Exercise =>
Without any of the pictures, set down the data below exactly.

Stored data =>
______________________________
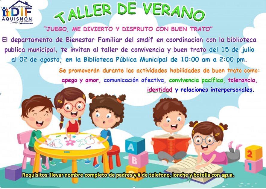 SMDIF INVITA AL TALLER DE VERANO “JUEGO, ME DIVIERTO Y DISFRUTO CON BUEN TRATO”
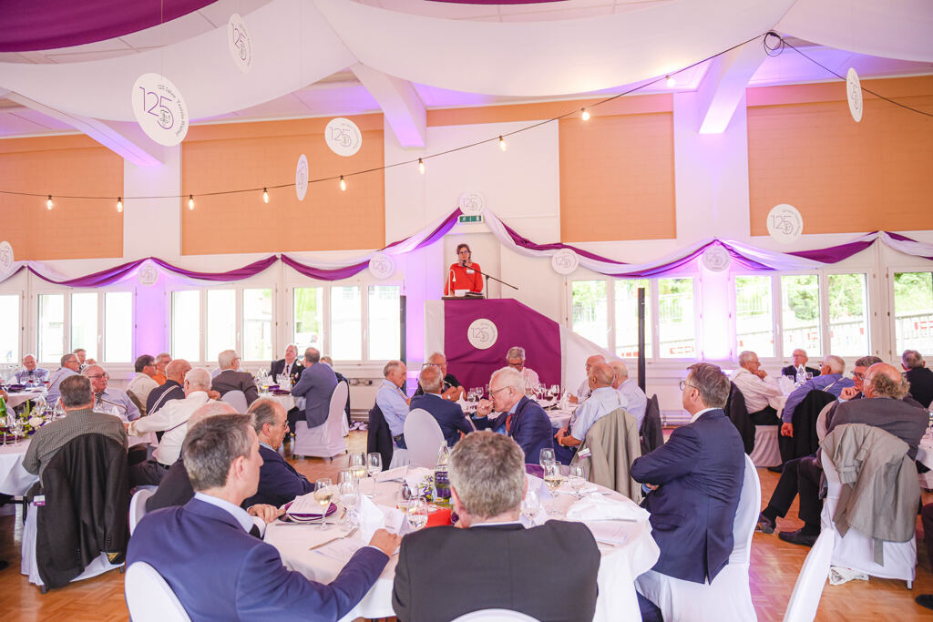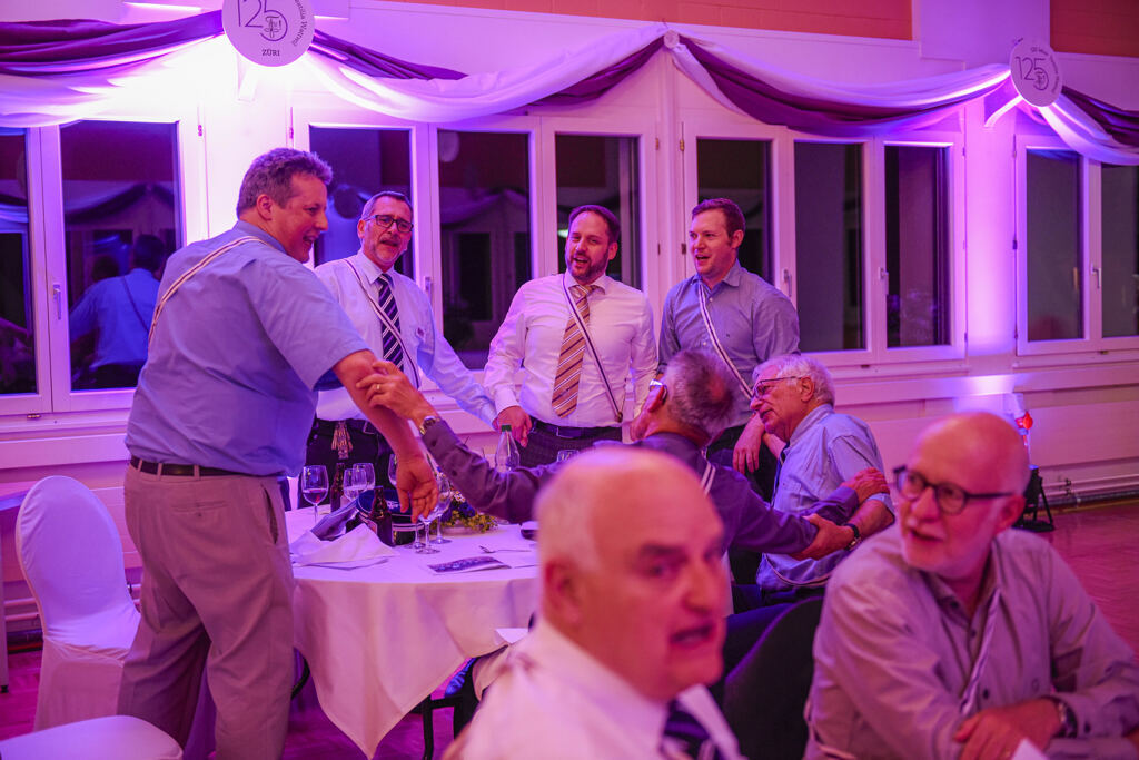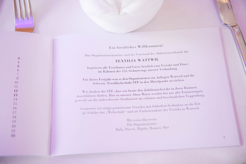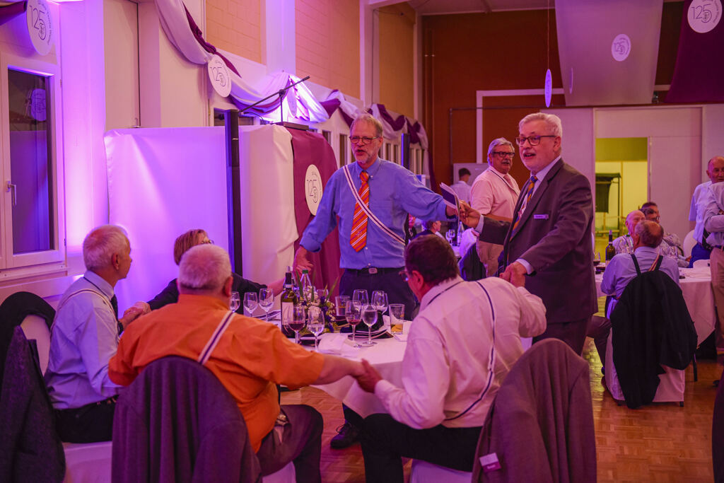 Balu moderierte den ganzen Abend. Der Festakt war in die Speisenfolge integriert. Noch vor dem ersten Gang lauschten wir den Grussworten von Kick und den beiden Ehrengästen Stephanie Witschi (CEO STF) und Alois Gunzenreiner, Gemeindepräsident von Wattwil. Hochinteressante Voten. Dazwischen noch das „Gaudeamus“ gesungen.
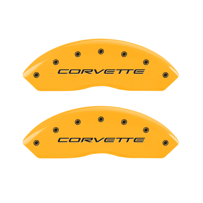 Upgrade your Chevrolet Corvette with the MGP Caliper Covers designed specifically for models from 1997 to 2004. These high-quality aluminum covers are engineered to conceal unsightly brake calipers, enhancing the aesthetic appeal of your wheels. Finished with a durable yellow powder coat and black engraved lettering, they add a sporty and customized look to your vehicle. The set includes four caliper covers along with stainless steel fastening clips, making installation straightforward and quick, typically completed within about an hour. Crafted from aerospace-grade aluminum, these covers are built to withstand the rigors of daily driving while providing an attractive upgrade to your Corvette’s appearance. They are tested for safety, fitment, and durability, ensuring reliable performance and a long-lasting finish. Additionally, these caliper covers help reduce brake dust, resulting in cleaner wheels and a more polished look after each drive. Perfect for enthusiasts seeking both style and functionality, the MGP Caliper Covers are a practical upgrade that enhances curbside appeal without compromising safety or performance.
______________________________
Solution for this task =>
 SMDIF INVITA AL TALLER DE VERANO “JUEGO, ME DIVIERTO Y DISFRUTO CON BUEN TRATO”
 Balu moderierte den ganzen Abend. Der Festakt war in die Speisenfolge integriert. Noch vor dem ersten Gang lauschten wir den Grussworten von Kick und den beiden Ehrengästen Stephanie Witschi (CEO STF) und Alois Gunzenreiner, Gemeindepräsident von Wattwil. Hochinteressante Voten. Dazwischen noch das „Gaudeamus“ gesungen.
 Upgrade your Chevrolet Corvette with the MGP Caliper Covers designed specifically for models from 1997 to 2004. These high-quality aluminum covers are engineered to conceal unsightly brake calipers, enhancing the aesthetic appeal of your wheels. Finished with a durable yellow powder coat and black engraved lettering, they add a sporty and customized look to your vehicle. The set includes four caliper covers along with stainless steel fastening clips, making installation straightforward and quick, typically completed within about an hour. Crafted from aerospace-grade aluminum, these covers are built to withstand the rigors of daily driving while providing an attractive upgrade to your Corvette’s appearance. They are tested for safety, fitment, and durability, ensuring reliable performance and a long-lasting finish. Additionally, these caliper covers help reduce brake dust, resulting in cleaner wheels and a more polished look after each drive. Perfect for enthusiasts seeking both style and functionality, the MGP Caliper Covers are a practical upgrade that enhances curbside appeal without compromising safety or performance.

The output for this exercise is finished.